Да, совсем забыл сказать – кроме запрета на оригинальное творчество у нас тут еще один запрет действует – на потребление алкоголя повышенной крепости. Поэтому в супермаркетах одна только «Аркадия». По вкусу она вроде джина, но крепостью всего 10 градусов. Да еще приходится разбавлять ее вместо тоника амброзией.
Я выпил, сплюнул и сказал:
-Нет, негоже в столь великий день пить эту чертову отраву.
За окном опять раздался грозный гул и даже, кажется, сверкнула молния. По потолку зазмеилась трещина.
- Не сквернословь, пожалуйста, - взмолился Марк.
-Да уж, лучше нам уйти, пока не завалило, - ответил я. - Айда к Эдгару.
Эдгар наш с Марком общий друг. У него какие-то темные связи с бутлегерами, а потому пьет он не «Аркадию», а кое-что получше и покрепче. Иногда даже крепостью 18 градусов.
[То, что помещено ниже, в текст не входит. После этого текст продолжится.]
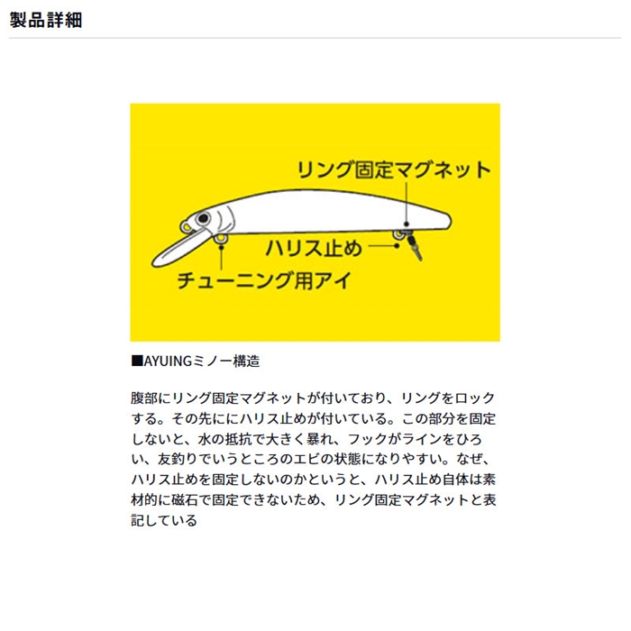 AYUINGミノーが従来のミノーと大きく違う点は、後方アイが腹部についており、その先に自動ハリス止めを用いている点である。こちらのハリス止め部分に友釣り用イカリバリを付けて使用する。また、後方のアイの後ろにはマグネットが埋め込まれており、スプリットリングを固定し、イカリをまっすぐ後方へ垂らす働きをする。リップ裏にもアイが付いており、こちらはシンカーなどを装着し、チューン出来るようになっている。ルアー自体はSF(スローフローティング)モデルのため、テンションを抜くとゆっくりと浮き上がる。この性質を利用し、底で根掛りした時には、テンションを抜いて、根掛りを外すことが出来る。[AYUING MINNOW SF]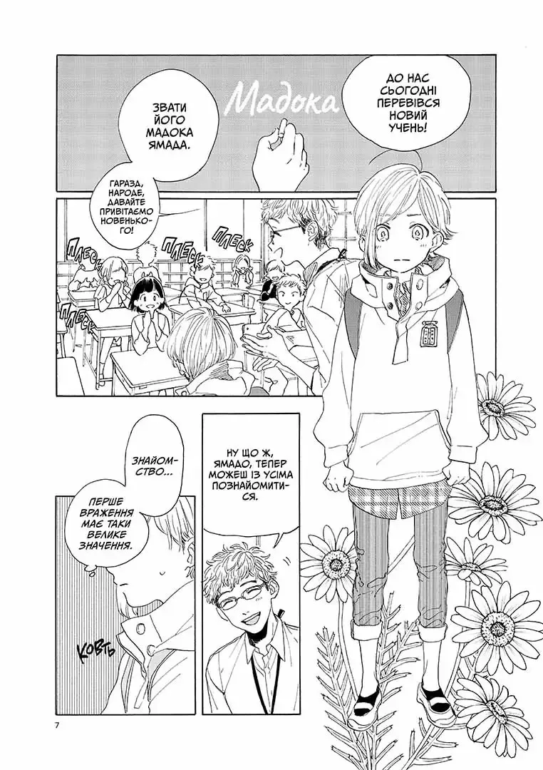 Після переїзду до нового міста та переходу в іншу школу Мадока вирішує поводитися, як прийнято для хлопців, щоб уникнути глузувань. Спочатку йому це непогано вдається, і він знаходить нових друзів. Однак Іцукі Танонака, котрий сидить поруч, здається, на нього зовсім не звертає уваги.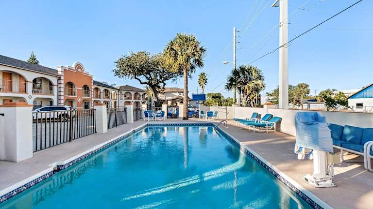 Das Travelodge by Wyndham Suites St Augustine ist ein komfortables Hotel in günstiger Lage, nur wenige Fahrminuten vom historischen Zentrum von St. Augustine entfernt. Die geräumigen Zimmer bieten kostenfreies WLAN und sind mit allen notwendigen Annehmlichkeiten ausgestattet. Gäste können den Außenpool nutzen und profitieren von kostenfreien Parkplätzen. Das Hotel ist ideal für Reisende, die die Sehenswürdigkeiten der Stadt erkunden möchten.
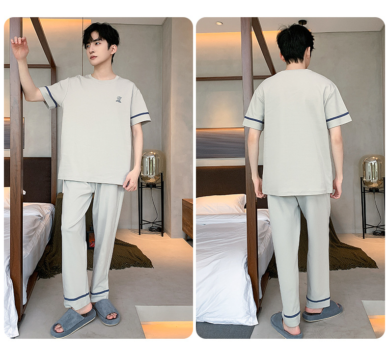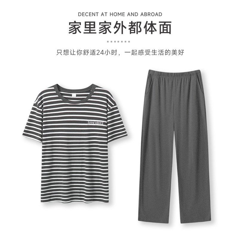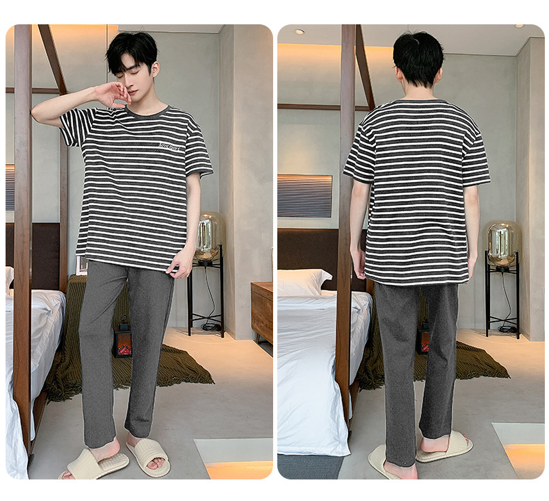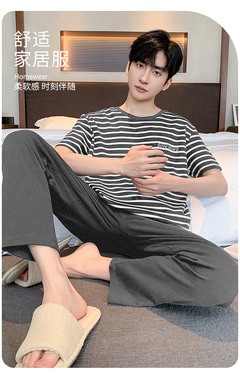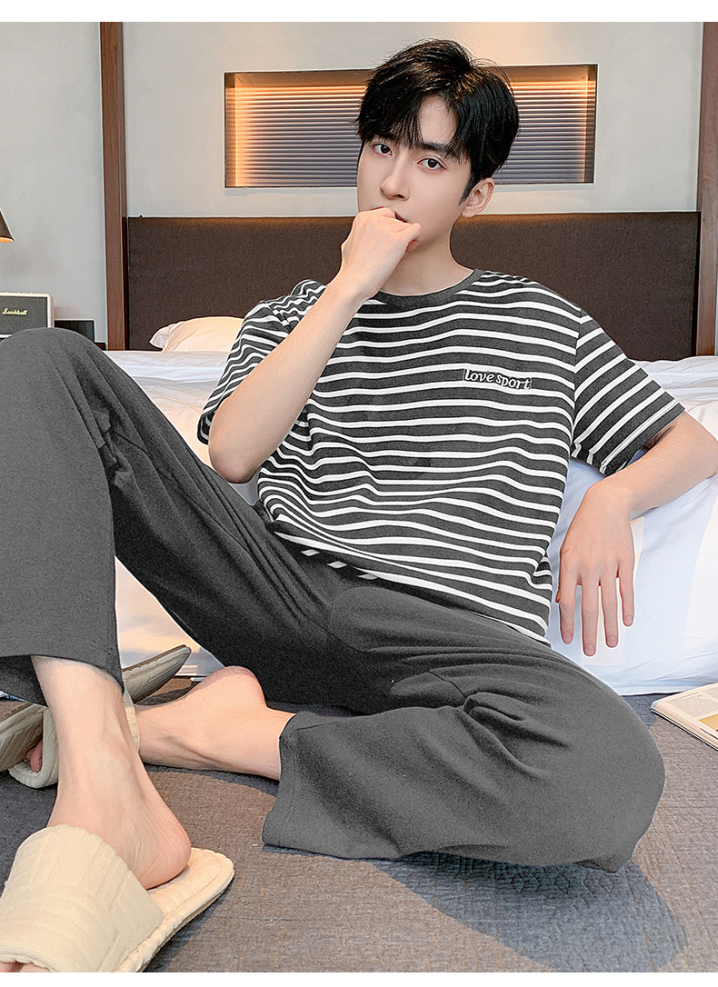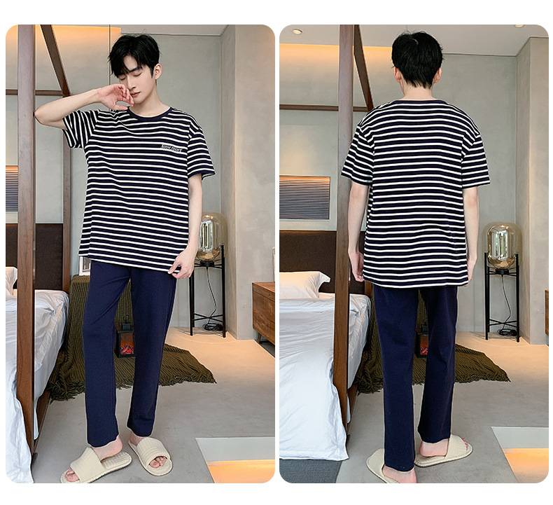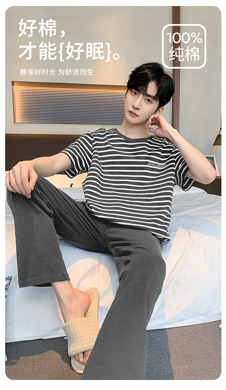 純綿半袖パジャマ男性夏のカジュアルストライプの大きいサイズの軽い運動は綿のズボンの男性の部屋の服を着ることができます。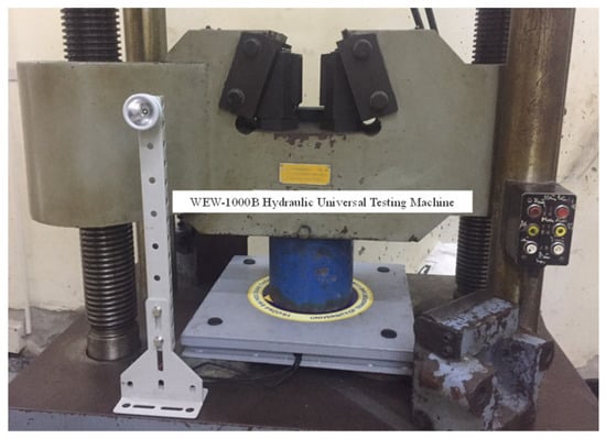 As shown in a photo in Figure 6, the piezoelectric energy-harvesting transducer was placed inside a press machine (WEW-1000B Hydraulic Universal Testing Machine (Chenda tester, Shandong, China) to measure the device’s pressure and displacement dependances. A decade resistance standard resistor (279301, Yokogawa, Musashino City, Japan) was connected to the piezoelectric tile in order to analyze the performance of the energy-harvesting transducer tile at various resistive loads. The electrical output was measured using an oscilloscope (GW INSTEK GDS-1052-U, Taipei, Taiwan). The effects of pressure on the device’s electrical properties at a displacement of 2.5 mm and a load resistance of 15 kΩ are shown in Figure 7. We found that the minimum pressure required to activate the harvesting transducer is 5 kPa. The output voltage and output power increased significantly in the human foot pressure range of 50–100 kPa [] and were able to withstand a maximum car-on-road pressure of 150 kPa [], which suggests that the tile device can be used to absorb energy from the movement of a human or a car.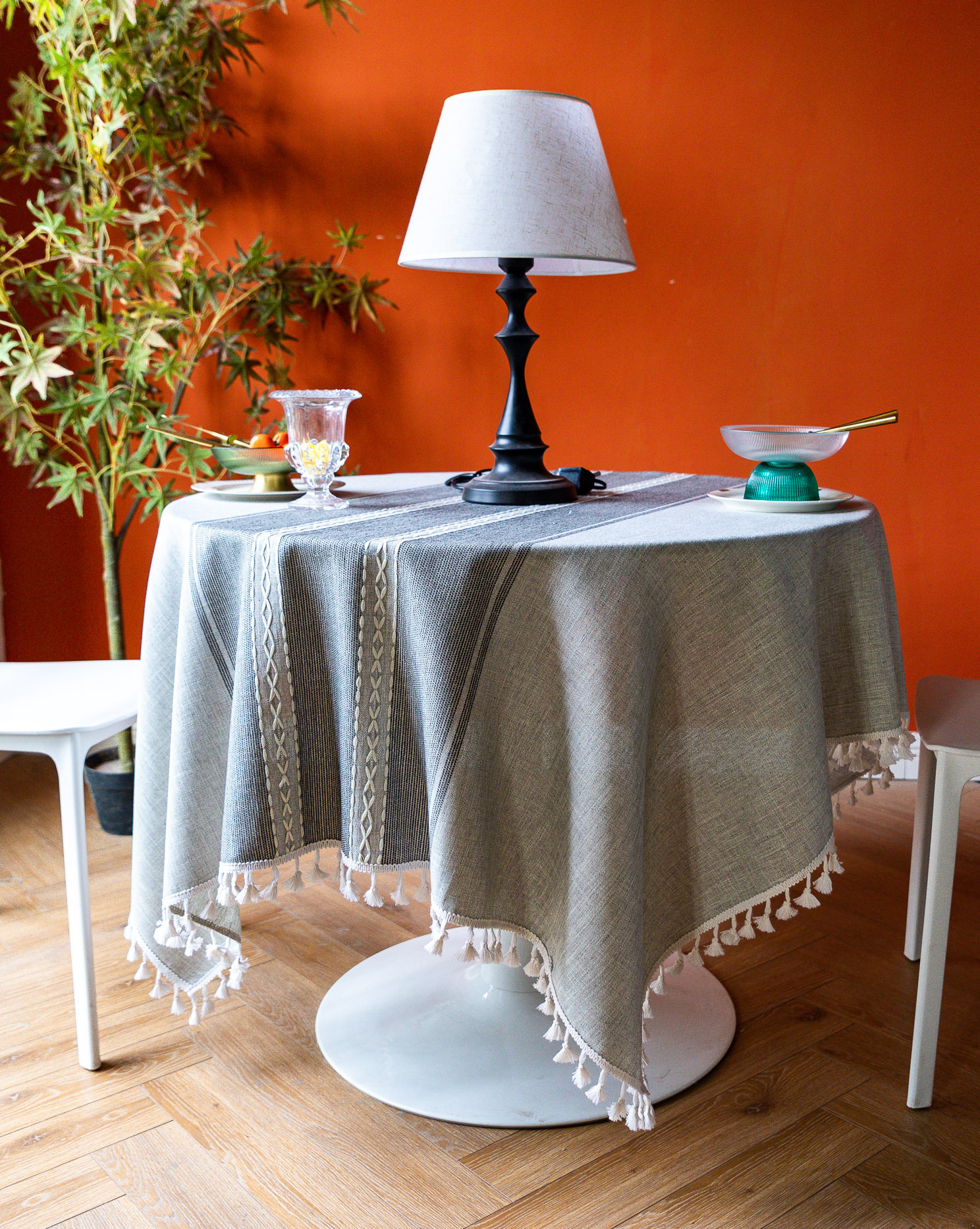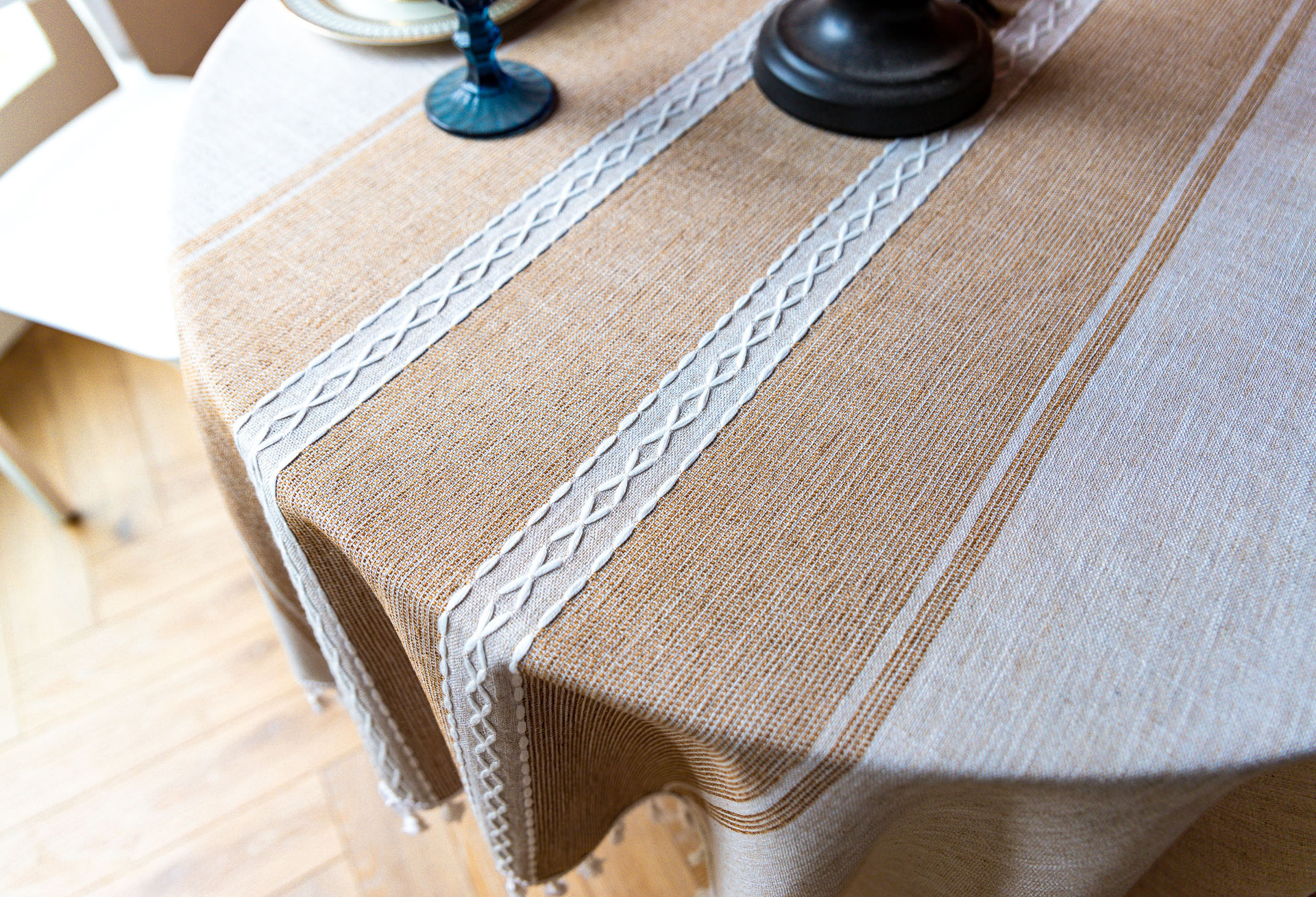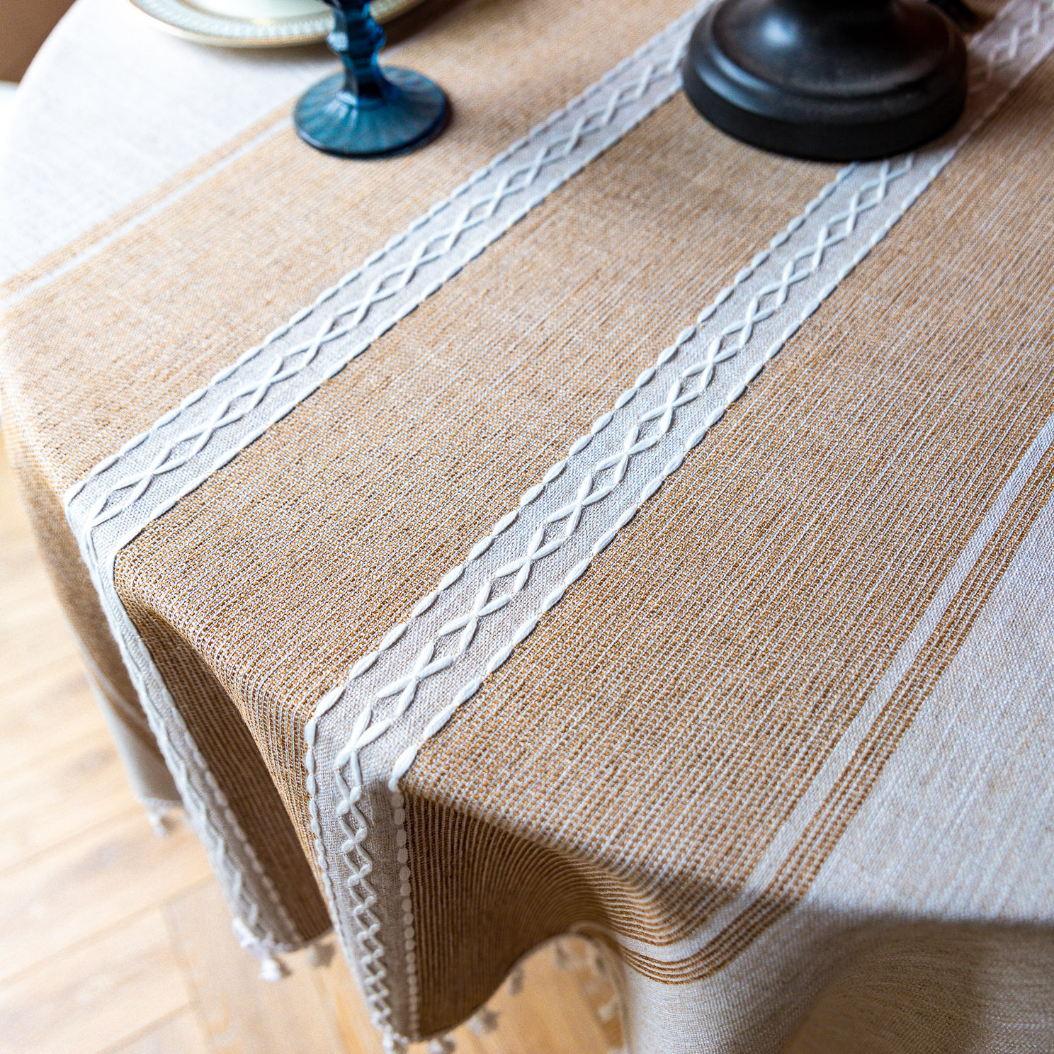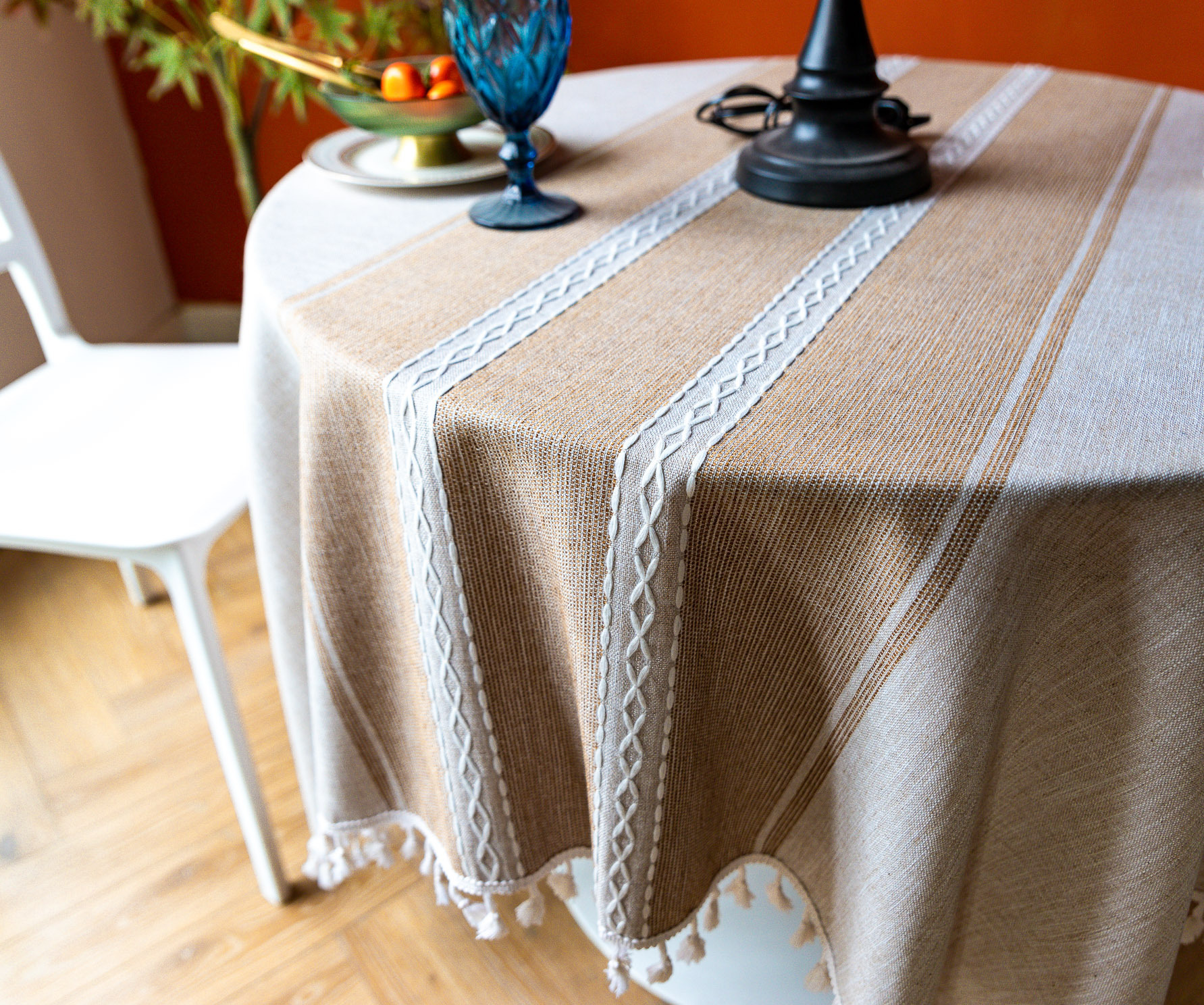 亚麻台布盖布北欧ins桌布布艺棉麻清新餐桌布流苏边长方形茶几布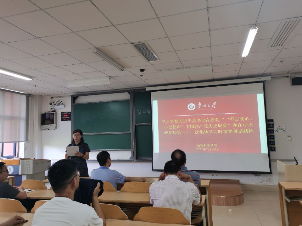 首先由罗聃宁带领参会人员共同学习了习近平总书记在参观“‘不忘初心,牢记使命’中国共产党历史展览”和在中央政治局第三十一次集体学习时的重要讲话精神。她强调:全院教职工要深入学习领会习近平总书记重要讲话精神,充分认识总书记重要讲话的重大意义,认真领会落实“五个始终”的基本要求,学好用好党的创新理论,传承红色基因,赓续红色血脉,进一步坚定理想信念,保持永不懈怠的精神状态和一往无前的奋斗姿态,用实际行动诠释作为一名共产党员的初心和使命,为学校、学院的发展作出应有的贡献。

Мы отправились к нему. «Умный» дом Эдгара расположен в полумиле от обиталища Марка вверх по Холму и оформлен как замок Эшера. Вообще, наш друг неплохо устроился. Каждый вечер в его доме собираются любители изящной словесности, и он по памяти рассказывает им одну из своих мрачных историй. Вечер обыкновенно завершается пожаром, от которого дом Эшеров сгорает дотла под визги милых дам. А с утра – снова как новенький. Словом, Эдгар и тут превратил свою жизнь в произведение искусства.
На радостях от принесенного мной известия он тут же выставил нам бутылку «из своих погребов», как он выразился. Мы с отвычки даже малость захмелели. Эдгар веселился от души, но сразу помрачнел, когда я огласил условия конкурса. И я понимаю – почему. По части ужастиков и страшилок ему, конечно, нет равных. Но вот с тонким юмором у него проблемы. «Нет, Эдгар мне не конкурент, - со сдержанным удовлетворением подумал я. – А вот Марк – тот поопаснее будет». Я задумался, кто «из наших» может меня обойти. Да, конечно, Лоренс Стерн. И, пожалуй, Ильф с Юджином Петровым. Может, еще Стивен Ликок. Конкуренции со стороны современных авторов из нижнего мира я не боялся.
На следующее утро в единственной местной газете «Парнас Ньюс» на первой полосе появилось объявление о конкурсе. Разумеется, все члены нашего Союза тут же бросились сочинять. Каждый из написанных рассказов перед отправкой на конкурс в обязательном порядке попадал на стол Боссу для предварительного просмотра. Некоторые из сочинений он «заворачивал», но большинству все-таки дал добро.
Мой рассказ примерно описывал то, что я уже рассказывал выше – о нашем бытии на Парнасе. Я же по себе знаю, что единственный вопрос, который волнует обитателей нижнего мира – это есть ли жизнь после смерти? И если – да, то какова она? Вот и попытался им намекнуть, как тут обстоят дела. Рассказ я подписал своим настоящим именем - Уильям Сидни Портер – и отправил его по указанному адресу. Честно говоря, я мечтал, что именно он выйдет победителем. А как иначе? Ведь конкурс моего имени. Естественно, я и должен стать главным номинантом.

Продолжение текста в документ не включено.